The idct_8x8_12q4 algorithm performs an IEEE-1180 compliant IDCT, complete with rounding and saturation to signed 9-bit quantities. The input coefficients are assumed to be signed 16-bit DCT coefficients in 12Q4 format.
The idct_8x8_12q4 routine accepts a list of 8x8 DCT coeffient blocks and performs IDCTs on each. The array should be aligned to a 64-bit boundary, and be laid out as "idct_data[num_idcts][8][8]". Input data must be in 12Q4 format. The routine operates entirely in-place, requiring no additional storage for intermediate results.
Note: This code guarantees correct operation, even in the case that "num_idcts" is zero. In this case, the function runs for 13 cycles (counting 6 cycles of function-call overhead), due to early-exit code.
Parameters:
idct_data
Pointer to 8x8 IDCT coefficient blocks
num_idcts
Number of IDCT blocks
Algorithm:
All levels of looping are collapsed into single loops which are pipelined. The outer loop focuses on 8-pt IDCTs, whereas the inner loop controls the column-pointer to handle jumps between IDCT blocks. (The column-pointer adjustment is handled by a four-phase rotating "fixup" constant which takes the place of the original inner-loop).

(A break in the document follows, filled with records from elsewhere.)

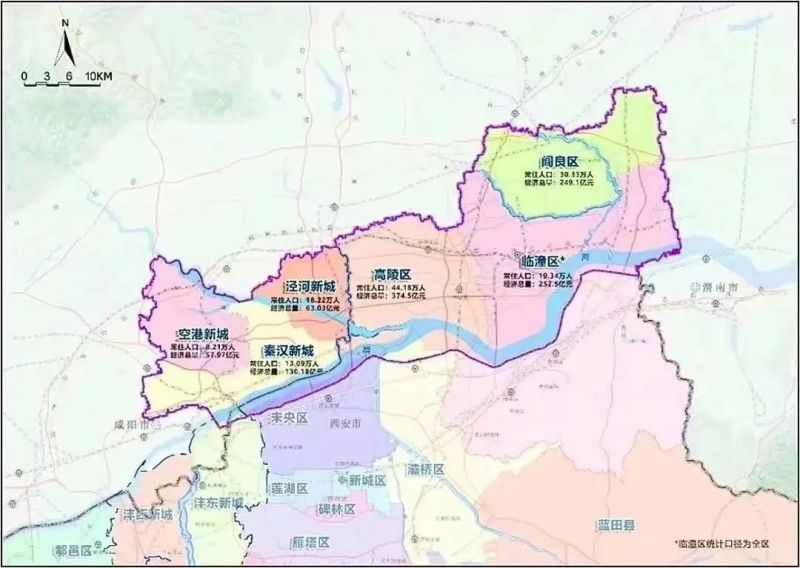 从地理区位可以看出,秦汉新城地处渭河北岸,是贯穿西咸新区南北、连接西安与咸阳的关键板块,也是西安“拥河”发展南北两岸联动呼应的关键一环。秦汉新城作为多重“核心”,客观的地理位置,奠定了其作为“北跨”第一站的基础。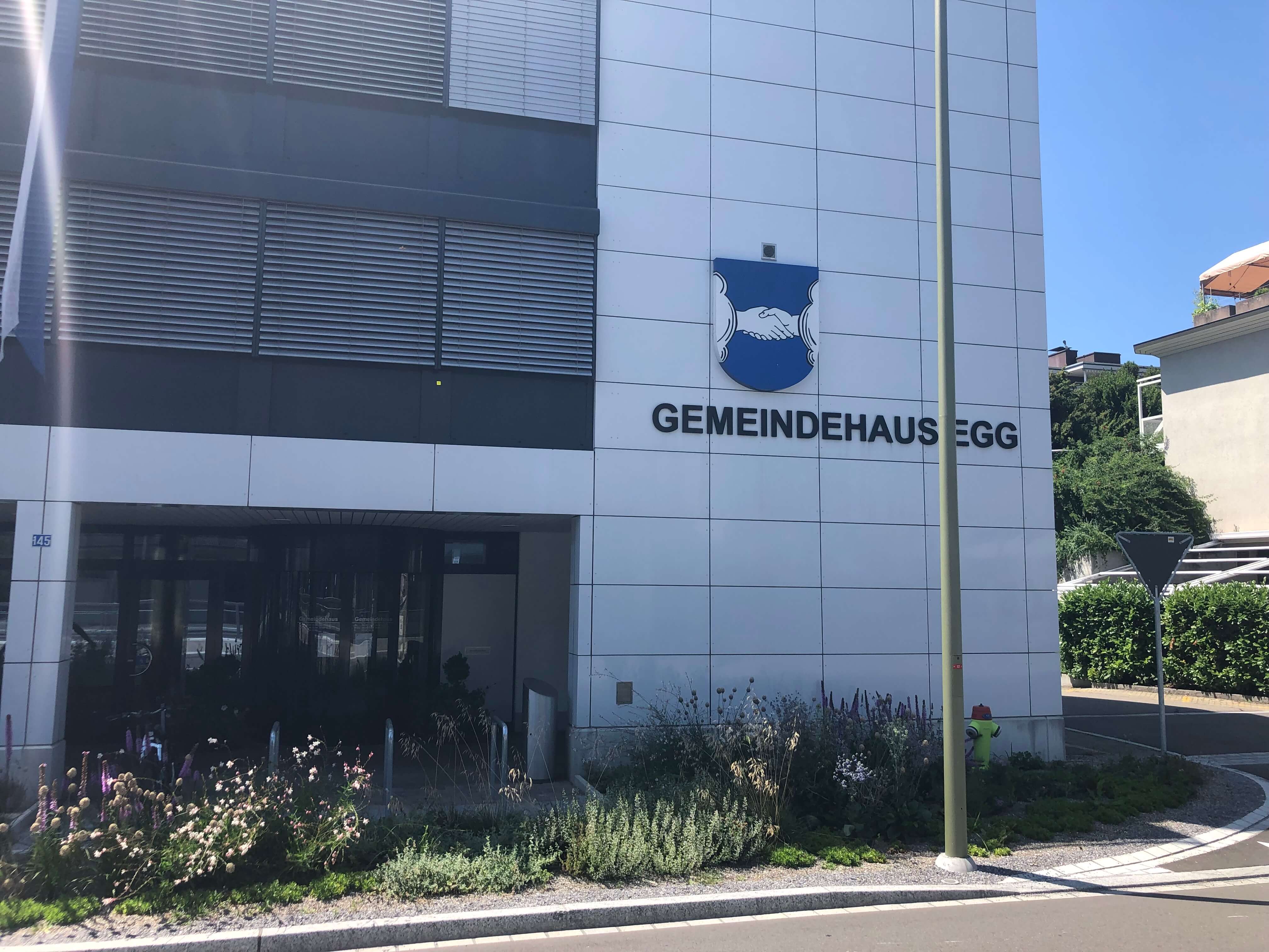 Egg town hall Egg station sign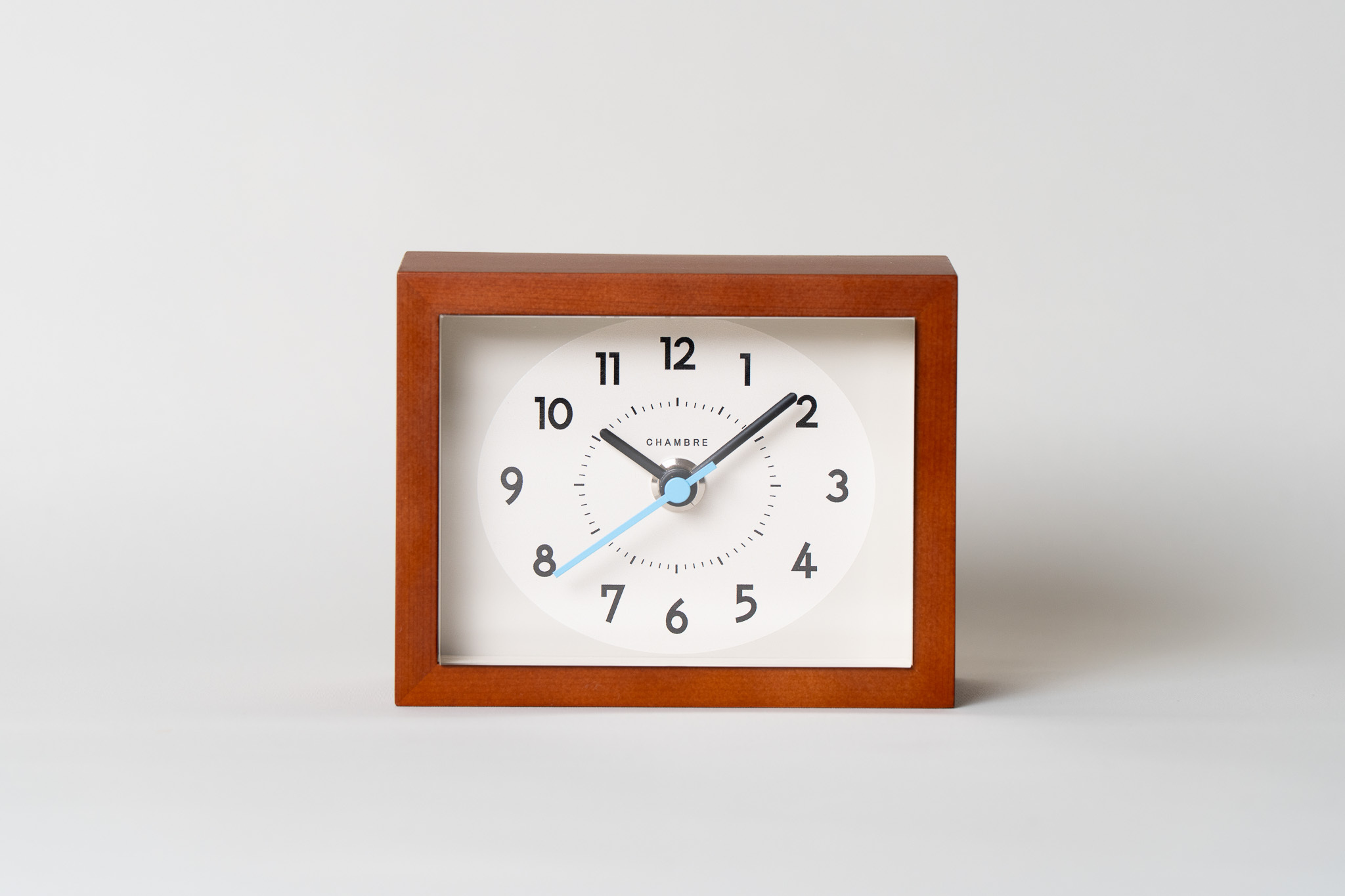 デンマークのビンテージ家具をイメージしたカフェブラウンは、水色秒針がアクセント。遊び心を感じます。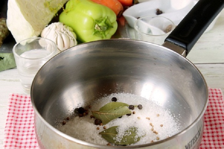 В емкости соединяем воду, все компоненты для маринада. Его необходимо вскипятить. Аккуратно заполняем посуду. Если сразу влить всю жидкость, посуда может лопнуть.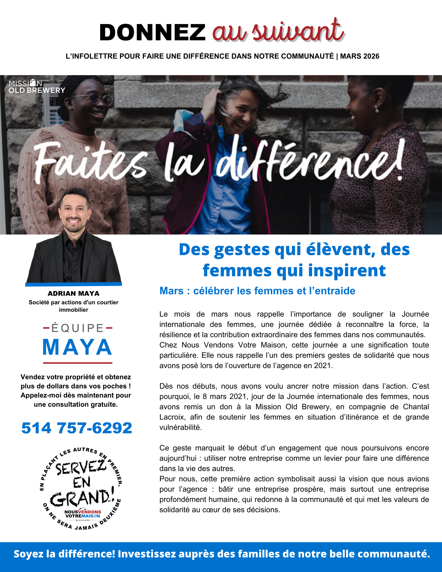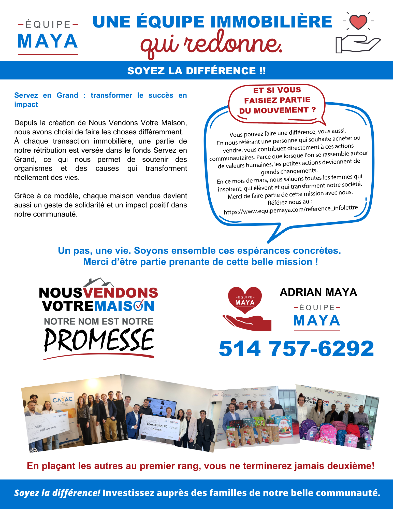 Pour chaque propriété vendue, les courtiers de l’équipe Maya et de l’agence Nous Vendons Votre Maison remettent une partie de leurs revenus à des causes importantes. Et ce n’est pas tout : nos chefs d’équipe s’engagent à doubler ces contributions!

For performance, portions of the outer-loop code have been inter-scheduled with the prologs and epilogs of both loops. Finally, cosine term registers are reused between the horizontal and vertical loops to save the need for reinitialization.
To save codesize, prolog and epilog collapsing have been performed to the extent that performance is not affected. The remaining prolog and epilog code has been interscheduled with code outside the loops to improve performance.
Additional section-specific optimization notes are provided below.
Assumptions:
The "idct_data" array is laid out as idct_data[num_idcts][8][8]
The "idct_data" array must be 64-bit aligned
This is a LITTLE ENDIAN implementation
Implementation Notes:
This code is fully interruptible and fully reentrant
This code is compatible with C66x processors (though not optimized)
No bank conflicts occur
The code may perform speculative reads of up to 128 bytes beyond the end or before the start of the IDCT array. The speculatively accessed data is ignored
Benchmarks:
See IMGLIB_Test_Report.html for cycle and memory information.